Something savage cracks loose inside me.
Not fear.Not anger.Something worse.
But one thing is certain, bone deep and absolute:
I will tear this place apart, stone by fucking stone, before I let Pia die in there.
The Vault Is Soundproof…But Not Emotion-proof
Her knocking is the worst sound I’ve ever heard.
Not because it’s loud—it isn’t. The steel swallows most of it, turning each strike into a dull, smothered thud that barely makes it through Giovanni’s six-inch-thick paranoia.
But it’s her.
I know it’s her because every uneven hit lands dead center in my chest, like she’s pounding on my ribs from the inside.
“Pia,” I rasp, palms flattening against the steel. My breath fogs immediately, haloing the cold metal. “Listen to me.”
Another frantic burst of pounding—too fast, too wild. Panic, not logic. She’s spiraling.
Fuck.
I lower my forehead to the door, forcing my voice steady. “Step back.”
The knocks stutter.
“Pia,” I say again, softer, pulling every shred of control I have around the tremor in my spine. “Do you hear me? Step back from the door.”
Silence settles like a weight. Heavy. Uncertain.
Then—a faint scrape, boots shifting across stone.
She heard me.
“Now,” I say, my tone sharper. “Get clear.”
I don’t give myself room to hesitate.
I brace my shoulder against the vault handle. The metal bites into my split knuckles, cold enough to burn. I inhale and shove.
Every muscle in my back strains. Pain rips down my spine. My neck throbs with effort.
Nothing.
The door doesn’t move a fucking millimeter.

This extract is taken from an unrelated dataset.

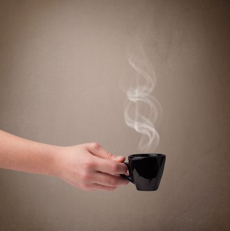 Coffee cup with abstract white steam, close up

A growl tears out of me as I shove harder—jaw clenched, boots sliding, tendons screaming.
Still nothing.
“Fuck,” I hiss, breath ragged. Sweat beads along my brow. I step back and throw my weight into it again.
Steel. Unmoved. Unbothered.
This door wasn’t designed to open. It was designed to hold.
I stagger back, fury clawing at my lungs. My fist slams into the metal—a crack of bone against steel that sends fire up my arm.